Available data START
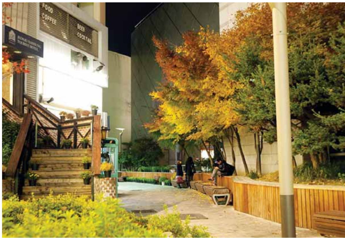
여기는 전주 낭만의 골목길 전주시가 옛 도심인 완산구 고사동 일대의 8개 골목길을 정비했다. 바닥에는 대리석·나무·자갈 등을 조화롭게 깔았으며, 벽면에는 영화인·자연·동화 등을 담은 풍경화, 인물화, 만화 등을 그렸다.

험, 자작나무 숲 해설, 야생동물 흔적 찾기 등 다양한 활동을 하게 된다. 또 겨울철 자연 속에서 자연스럽게 환경·생태를 느끼고 설경을 만끽할 수 있는 프로그램이 운영된다. 문의(063-625-8911) /남원=백선기자 bs8787@
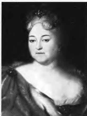
Цесаревна Наталья Алексеевна.

Червонец 1729 года с изображением императора Петра II.
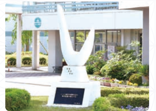
【学園シンボル「めばえ」】

学園の歴史と伝統から、新しい時代に向けた学園教育が芽を出して花を咲かせるようにとの想いが込められています
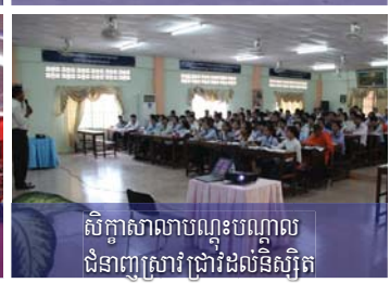
សិក្ខាសាលាបណ្តុះបណ្តាល ជំនាញស្រាវជ្រាវដល់និស្សិត
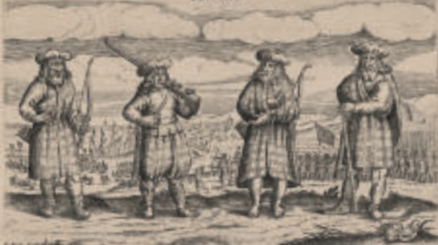
Es ist ein Ständer dinsteliger Dack, welcher sich mit geringer Zeit hat ein Vieh bracht so Essen zu Warten. Was auch die Natur erfordert können sie der Tages Über die 20 Tagelinge mit wenigem laugen, haben vielen Aufschaden ihre Dingen mit Fischen und Lamm Milch.

In solchen Habt Gehen die 800 In Stattin angekommen Irriändler oder Irren.
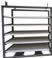
Полка перфорированная в стеллаже КС-450 для сыродельных заводов
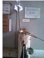
温泉を飲むための蛇口です。

別府でいくつも温泉に入って探しているのですが、まだ同じお湯にはめぐり会っておりません。
Available data END
### What needs to be done
Set down word for word, from the line that contains "Полка перфорированная в" to the end of the listing above, every line and no picture.

### Answer to this exercise
Полка перфорированная в стеллаже КС-450 для сыродельных заводов
温泉を飲むための蛇口です。

別府でいくつも温泉に入って探しているのですが、まだ同じお湯にはめぐり会っておりません。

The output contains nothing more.